In the distance, he could hear the helicopters coming.
It wouldn’t be long.
They splashed through a small stream, and he made a turn. They ran down the creek. Maybe it would throw the dogs off.
And then they were in Mexico. Just like that, his GPS blinked at him.
“Keep moving. We’re not out of the woods yet,” he said, driving her on.
He could hear crashing behind them in the brush. No more than a few hundred yards.
The cramping eased, and he felt a surge of adrenaline now that they were on Mexican soil. He strengthened and pulled at Maria.
“Run. This is it. As fast as you ever have,” he urged, then ran down the smuggling trail as hard as he was able, their pursuers only seconds behind.
~
“CISEN? You’re sure about this?” Cruz demanded.
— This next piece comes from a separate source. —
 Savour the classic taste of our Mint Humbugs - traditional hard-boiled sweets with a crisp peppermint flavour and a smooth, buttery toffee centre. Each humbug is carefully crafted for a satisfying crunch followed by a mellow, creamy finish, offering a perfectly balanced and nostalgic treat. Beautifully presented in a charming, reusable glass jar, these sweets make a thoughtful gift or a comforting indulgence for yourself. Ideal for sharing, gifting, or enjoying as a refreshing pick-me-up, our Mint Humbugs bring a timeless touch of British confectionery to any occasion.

Briones had spent much of the day checking the numbers, which at first came up blank, but after considerable digging it transpired they were indeed part of CISEN’s assigned trunks.
“There’s no doubt. Whatever his game is, it is somehow connected to CISEN. Look, there are three calls the day before the breakout, and then one the morning of the escape,” Briones highlighted.
Cruz sat back in his chair, his face drawn in a frown. This was unexpected, but made a kind of sense.